Last year at a wedding, I was chatting with a guy at my table about what I do (Religious Studies, specifically New Testament). The conversation turned, as it usually does, to whether I myself practiced any religion. When I said that yes, I was Catholic, he said, “Oh, you must get really annoyed at bad homilies, since exegesis is your thing.” I automatically started to say yes, but then I caught myself, because of all the things that inspire less than charitable thoughts in me on any given Sunday–and there are many–biblical interpretation is rarely one of them. In my experience, bad homilies–say for instance ones that are homophobic or offensive to women–happen not because a priest is bad at historical criticism, but because he is homophobic and sexist in general.
I know I didn’t always feel this way. For many years I was sure that my field of study was what could “rescue” the Bible and turn it from a terrifying text into one that was inspiring and not, it turns out, harmful to certain groups. But now it seems to me that it’s the process that biblical criticism forces you to go through (alienation from the text, second-guessing common sense, critical empathy, suspicion, identification of ideology and change over time), more than historical data itself, that leads to less oppressive interpretations.

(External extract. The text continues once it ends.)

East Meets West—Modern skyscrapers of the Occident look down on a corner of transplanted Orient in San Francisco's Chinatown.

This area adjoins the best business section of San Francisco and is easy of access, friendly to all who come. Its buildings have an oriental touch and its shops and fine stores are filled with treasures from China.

So I was surprised a few months ago when I found myself annoyed, on historical grounds, by part of a homily I heard. The Gospel reading was one of those passages where “The Jews” are the antagonists who set the stage for Jesus to speak some word of wisdom. The priest (who I should say is an excellent, educated person) changed the wording of the translation as he was reading it. Instead of reading the NAB’s “The Jews etc., etc…,” he read, “Some of the leaders of the Jewish people etc., etc…”. Though this was the first time I heard him actually reword a reading, he often takes a moment in his homilies to explain that when the text reads “The Jews,” we should understand it as saying, “Some of the leaders of the Jewish people.” Since the Gospel authors and the first followers of Jesus were all Jewish, goes this explanation, it’s unethical, but primarily anachronistic, to read the text as referring to “The Jews.”

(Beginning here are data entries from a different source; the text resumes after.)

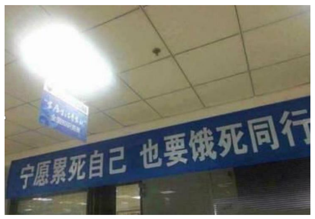
Image text translation: I would rather tire myself to death, but I will not let my colleagues live

"struggle-porn star". To sum it up with an even more vivid sentence, they are those who believe that "I would rather exhaust myself to death, but I will not let my colleagues live". Words like diligence, hard work, and struggle have had positive connotation in traditional Chinese concept. However, in this highly involutized game, the excessive diligence of the individual being evoked out of personal interest, is leading to others being pushed into infinitely deteriorating environment. "Involuted King" or "Struggle-Porn Star", are the vocabularies of criticism borne out of this kind of discourse where individual struggle is criticised.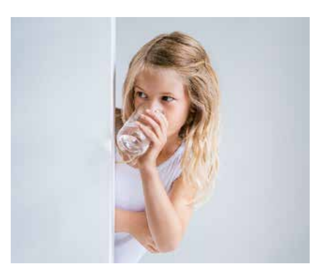
Our passion at Bluewater is to deliver contaminant free drinking water from the tap using the world best water purification technologies.

This white paper is based on a Bluewater article published in the Water Quality Products Magazine in Fall 2016 that examined the issues of emerging contaminants.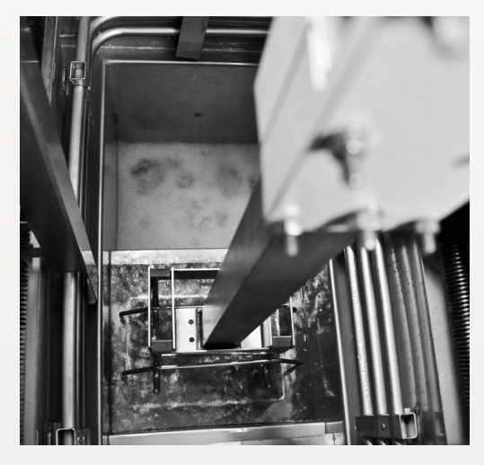
The vapor degreasing machine contains two chambers: the boil sump and the rinse sump.

$50,000-$70,000. It holds 50 gal of solvent and is 90 inches long x 36 inches deep. It uses 12 kW of power at startup, about 6 kW in continuous use and about a tenth of that power during stand-by mode depending upon the solvent.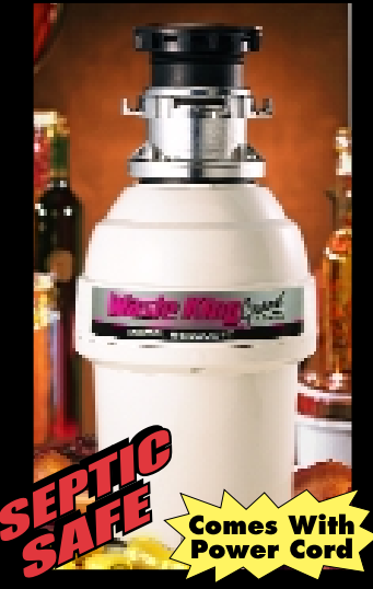
MODEL 8000TC 1HP

I’m curious to hear what WIT’s readers think of this approach. I go back and forth on it. On the one hand, a preacher has only a few minutes to ensure that his audience doesn’t come away from Mass more anti-semitic than when they arrived. Changing “The Jews” to a different phrase seems like an efficient, clear, historically-defensible way to do that. It’s a good soundbite that has a high chance of remaining with the listeners.
On the other hand, the switch makes the text seem more innocent than it is. The reading doesn’t say, “Some of the leaders of the Jewish people.” It says, “The Jews.” And whatever the historical identity of the Gospel writers, it’s significant that they are using a shortcut, catch-all phrase to create a monolithic “other” in contrast to themselves. If someone today, for example, said, “The blacks are lazy and violent,” it would not do any good–and in fact would miss the nature of racism entirely–to say, “He means to say, ‘Some of the leaders of black gangs are lazy and violent.'” Swapping out “The Jews” for “Some of the leaders of the Jewish people” (or even, as many scholars do, reading it as a geographical description, i.e., “The Judeans”) can give the impression that these texts are problematic only because we mistake the referent of certain words, not because Christian anti-Judaism is built into the very language of our sacred texts.

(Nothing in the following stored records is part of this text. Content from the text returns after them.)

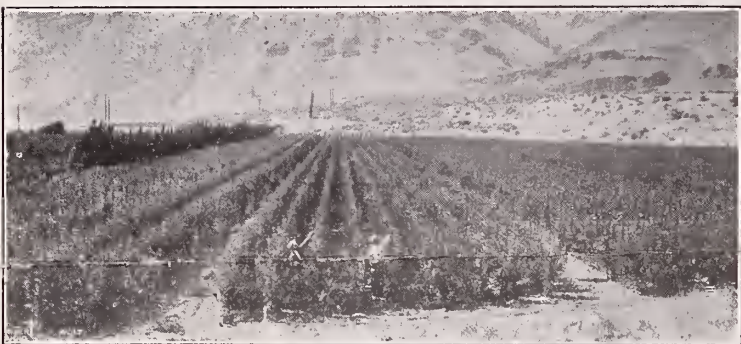
A field of several thousand Apple Trees in the C. & O. Nurseries. All standard varieties of apple, peach, pear, plum, prune and other deciduous fruit tree, shade trees, shrubbery and evergreens are grown.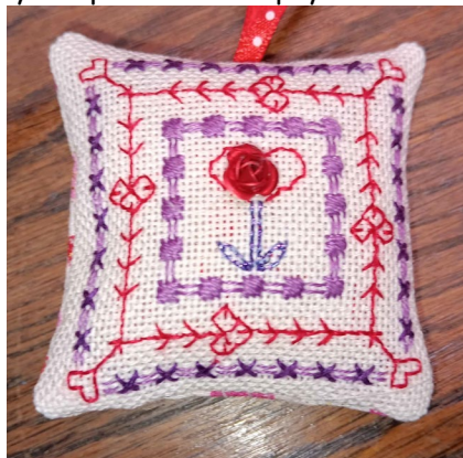
Picture of Finished Project (with the Rose Flower Charm added): I HEART YOU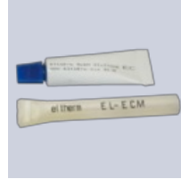
Termination kit EL-ECM

Learn more about this product: https://www.ebeco.com/products/industry/el-sr-r

But on the other (third?) hand, would such an explanation be appropriate in a homily? Homilies are not academic papers or classroom lectures, after all, and perhaps the most ethical course of action is to give the audience a concise, memorable line that they can easily retrieve when encountering this text on their own, or in conversations with other people. What do you all think? What are your experiences of preaching on texts about “The Jews,” or hearing them preached?